In the past, size markers for gel electrophoresis were self-made. Each laboratory had its special plasmid. Restricted with certain restriction endonucleases, it revealed good markers with irregular bands. Today, most researcher prefer standardized size marker with a regular banding ("ladders").
AppliChem provides ready-to-use DNA markers and lyophilized DNA markers. The latter are extremely stable, since the phenol extraction, which is part of the manufacturing process, inactivates and removes all enzymatic activity. The lyophilized markers are shipped at ambient temperature and are stable for several years!
Besides DNA markers, AppliChem offers a number of protein markers for SDS-PAGE and Immunoblotting, prestained or non-stained.
Tips on the use of DNA length markers, for more details download our brochure!
• Correct storage: Deproteinised and lyophilised DNA samples are extremely stable (> 5 years). Problems do not usually occur unless DNA markers in solution are stored (> 6 weeks) at room temperature, they become contaminated with bacteria, or are frequently thawed and refrozen (> 20 times). After dissolution of the DNA, we therefore recommend aliquoting of the DNA marker in ready-to-use aliquots for storage at -20°C (for 2-4 years). At +4°C, markers in solution are stable for several weeks or even months. Here, however, there is the risk of bacterial or nuclease contamination. This can be prevented by storage at -20°C.
• DNA staining with methylene blue: Occasionally, ethidium bromide is not suitable for staining DNA. An alternative is methylene blue. In such cases, however, it must be kept in mind that the mass of DNA used must be increased by about 30 % and that about 1.5 h more must be planned for destaining steps. With a methylene blue concentrate supplied by AppliChem, you achieve very good results, even for small fragments of about 200 bp.
• Mass calculations for single fragments: Using DNA markers of a defined origin, the calculation of the mass of single fragments is relatively easy. The amount loaded per lane, e.g. 1 μg/10 μl, is divided by the number of base pairs of the DNA used and is multiplied by the fragment size. For example: the 267 bp fragment of the pBR322 Hae III marker with a loading amount of 1 μg: 1 μg : 4361 bp (pBR322) = 0.229 ng/base pair x 267 bp of the fragment = 61.2 ng/267 fragment.

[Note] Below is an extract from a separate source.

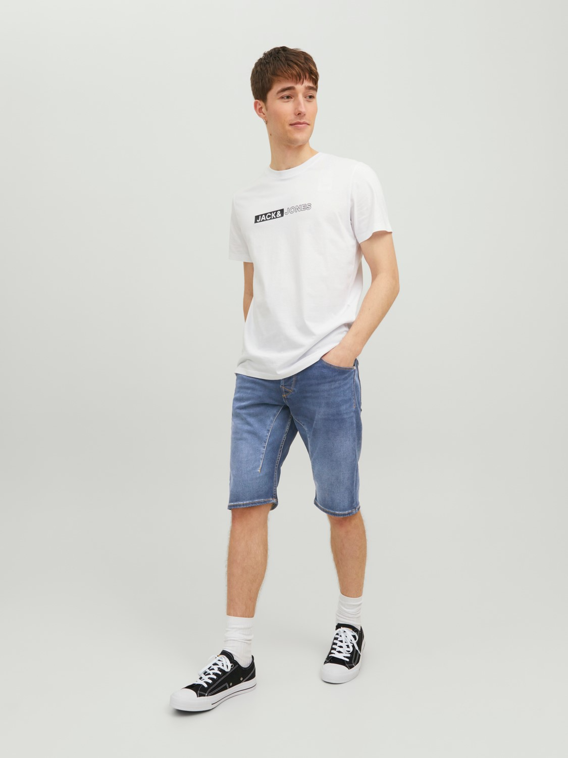 - Detail Type : Denim shorts - Fabric : Indigo Knit fuses the better of two worlds. Get the superb comfort of knitted sweat-wear and the authentic indigo look of denim. Try on these Indigo Knits and experience an intelligent jeans garment from JACK&JONES - Length/Size : Below knee - Waist/Rise : Regular rise - Closing/Fly : Button fly fastening - Concept : Our performance jeans are creafted with exceptional lightness, flexibility and a buttery softness. Designed for freedom and movement, they give you the best of both worlds by mixing athlesure with the authentic denim look - Pocket other : Coin pocket - Occasion/Styling : Casual and easy all day wear - Fit : Classic regular fit from rise and down to the leg opening. It's perfect for the guy who wants some extra room - Fit : Regular Fit

• Less is often more: The different gel formats for agarose and polyacrylamide gel electrophoresis and the varying sensitivity of staining or detection mean that it is only possible to give an approximation of the recommended DNA amount to be loaded. Most DNA markers show the best separation with loading amounts of 0.5-1 μg on agarose gels. The general rule is: the lower the number of marker bands, the smaller the total amount needed. A low loading amount is also of advantage with short migration distances or very sensitive detection. When using polyacrylamide gels, generally only about 1/5-1/2 the amount required for agarose gels is necessary.
• How to achieve results quickly? Especially deproteinised DNA length markers can be separated very well using high voltages, e.g. within 20 minutes with a migration distance of 70 mm on a 1.2 % agarose gel at 120 Volt. This can only be realized, however, with a high quality gel migration buffer (the water quality must be taken into account!) and an adequate amount of buffer (400-600 ml). Poor buffer quality results in overheating of the agarose gel at higher voltages and this therefore causes problems. A high buffer volume (the buffer can usually be reused 4-6 times in one week without problems) leads the heat off, provided the gel chamber for submersion is of adequate size.
• Staining front too intense? In some cases, users who regularly perform assays with our products sometimes comment that the dye concentration in the gel loading buffer we supply is too high (only lyophilised markers). If this is the case, simply dissolve the DNA length marker in double concentration in the gel loading buffer and further dilute it with 1/2 volume TE buffer. Even when using a 50 % solution, there are no problems with the resulting 7 % glycerol concentration to increase the solution density.
• Non-plausible results (e.g. unexpected fragment runs at 500 bp instead of 350 bp) may occur under relatively extreme conditions (separation of restriction or PCR samples with a very high salt content > 150 mM) or at very high voltages with relatively short separation distances. To identify errors, 1/10 volume restriction buffer can be added to the aliquot of the DNA marker, for example, or the restriction sample can be appropriately diluted with gel loading buffer (usually 1/2 volume). In many cases, lowering the voltage during separation is also helpful. The accurate determination of the size of fragments or PCR products may also be impaired, when salt fronts combined with local problems of leading off heat with conducting away heat and very high electrophoresis voltages, result in partial denaturation of the DNA fragments. These are conditions that theoretically may also occur when processing samples from Maxam-Gilbert sequencing in combination with sample buffers containing formamide.